Last post was about my attempt at explaining coordinate transforms. Progress has been slow. I've implemented many of the diagrams but I'm still having trouble with the narrative. Last time I said this was my outline:
- Show a side scrolling game with some cool camera effects.
- Introduce world coordinates vs screen coordinates.
- Solve the problem of scrolling: subtract an offset.
- Introduce transforms. (may need to be later)
- Introduce inverse transforms, for mouse clicks. (may need to be later)
- Introduce cameras. More complicated than offsets, but can do more.
- Show some cool effects with cameras. (may need to be earlier)
- Introduce chaining transforms.
- Show some cool effects with chaining.
- Demo showing all concepts together.
I've been experimenting with different orders for the topics and now think there are two intertwined "tracks": the concept track introduces mathematical concepts and terminology, and the problem solving track shows solutions to specific gamedev problems. These two tracks are paired up:
Problem solving | Concept |
---|---|
scrolling | world/screen coordinates, translate transform |
following the player | cameras, view coordinates |
tile grid coordinates | scale transform, chaining transforms |
mouse clicks | inverse transforms |
? | function composition |
? | transform matrices |
I think in each case I should start with the problem to be solved, then show the immediate solution, then explain the concept behind the solution. The concepts then lead to a reusable solution. Example:
- Problem: we want to scroll the screen
- Immediate solution: add an offset before drawing
- Concept: we're transforming world coordinates to screen coordinates
- Reusable solution: a translate transform is a function or object that converts coordinates
The next section is:
- Problem: we want to keep the player in the center of the screen
- Immediate solution: use the player plus half the screen size as the offset
- Concept: a "camera" points at the player, using view coordinates
- Reusable solution: a camera object is placed in the world, and we use that to build the translate transform
What order should I present these topics?
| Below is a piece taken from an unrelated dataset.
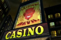 Las Vegas is a city in Nevada known as a major entertainment mecca. John Constantine and Jason Blood played a game of Poker against the Demons Three at the Lucky Devil Casino. Constantine was not pleased to see his four of a kind lose. Constantine suggested Blood let Etrigan play a few hands in his place. Blood only sought the Dreamstone in the Brothers' possession. With David Copperfield on his way, Abnegazar opted to bust them out and went all in. Constantine raised him with the House of Mystery and all of its contents. The Brothers deliberated and agreed to call with their relics. Constantine was skeptical about the combined value of a Soul Catcher, Algid's Ice Spiker, the Ghaurrazzi, and a chipped Dreamstone but he didn't want to be a poor sport and accepted. Constantine only had a pair of two's. He cheated and used his magic to undo Abnegazar's cheating and win. Abnegazar was infuriated and vowed to rip his heart out. Blood hid behind a column while Constantine fired the Ice Spiker at the Brothers.

I'm not sure. I know I want to put scrolling first. If I put mouse clicks second, then it's fairly easy to solve, and there's less motivation to learn inverse transforms. So I might put that later. If I put tile grid coordinates second, then it leads to chaining transforms together, which will be useful for following the player with a camera. Or if I put following the player second, then it leads to view coordinates, which might further motivate chaining transforms.
I think the main problem is that I'm not feeling particularly inspired right now, so I'm working very slowly.